Results show that the ResNet50 model obtained the best accuracy on the validation set, followed by MobileNetV2 and DenseNet121. The models were evaluated by accuracy and confusion matrix, and their performances were compared in the previous chapter.
To assist users such as physicians, in
Figure A1d, an interface was also designed that allows the selection of one of the trained models mentioned above. The interface allows the user to select an image that they wish to assign to a class and visualize which class the image belongs to, based on the previously selected model.
Even though the training time was significant (between 2 and 4 h for each model), some stable results were obtained, and the differences between the accuracy on the training and validation sets were small for the well-optimized models, indicating good generalization.
In practice, the models performed well even on consumer-grade hardware, being tested on a Lenovo IdeaPad Gaming 3 laptop (RTX 3050, i5-12500H). The average inference time for an image was under one second, allowing these systems to be integrated into a real-time workflow without significant differences.

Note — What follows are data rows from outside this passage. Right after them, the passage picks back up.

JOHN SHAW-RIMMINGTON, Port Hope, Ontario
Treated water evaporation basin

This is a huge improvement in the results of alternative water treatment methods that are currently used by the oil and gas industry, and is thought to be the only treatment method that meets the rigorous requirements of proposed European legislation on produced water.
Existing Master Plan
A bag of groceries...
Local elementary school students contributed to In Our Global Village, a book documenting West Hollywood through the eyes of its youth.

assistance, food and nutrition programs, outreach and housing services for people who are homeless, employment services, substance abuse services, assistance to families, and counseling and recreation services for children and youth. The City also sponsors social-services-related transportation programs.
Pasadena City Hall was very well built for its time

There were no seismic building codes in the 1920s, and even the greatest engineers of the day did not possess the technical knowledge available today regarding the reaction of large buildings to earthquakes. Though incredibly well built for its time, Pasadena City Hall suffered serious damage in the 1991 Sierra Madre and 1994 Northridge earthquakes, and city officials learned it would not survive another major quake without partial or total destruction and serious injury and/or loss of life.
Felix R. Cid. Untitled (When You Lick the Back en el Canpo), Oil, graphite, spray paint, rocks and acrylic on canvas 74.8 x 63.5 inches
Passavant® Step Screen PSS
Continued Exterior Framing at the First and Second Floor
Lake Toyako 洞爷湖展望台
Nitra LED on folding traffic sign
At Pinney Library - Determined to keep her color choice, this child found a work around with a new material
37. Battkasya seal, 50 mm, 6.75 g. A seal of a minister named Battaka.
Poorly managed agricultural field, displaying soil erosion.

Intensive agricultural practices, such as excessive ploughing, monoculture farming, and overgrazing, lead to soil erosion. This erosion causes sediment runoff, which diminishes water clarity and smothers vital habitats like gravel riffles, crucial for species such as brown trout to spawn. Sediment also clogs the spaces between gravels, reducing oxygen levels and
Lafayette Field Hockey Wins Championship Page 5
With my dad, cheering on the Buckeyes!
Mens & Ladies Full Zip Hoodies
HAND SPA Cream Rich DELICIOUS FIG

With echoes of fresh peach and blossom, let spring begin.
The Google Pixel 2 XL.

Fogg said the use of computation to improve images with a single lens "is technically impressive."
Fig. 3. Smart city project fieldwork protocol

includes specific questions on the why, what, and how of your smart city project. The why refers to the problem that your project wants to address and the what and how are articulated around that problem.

It was observed that most classifications were correct, especially for classes well represented in the training data. Classes with large variations or few examples were harder to classify, indicating the need for additional data.
In conclusion, this research presents a biomimetic AI-based pipeline for medical image classification, demonstrating potential for aiding colorectal cancer screening and improving diagnostics in clinical environments.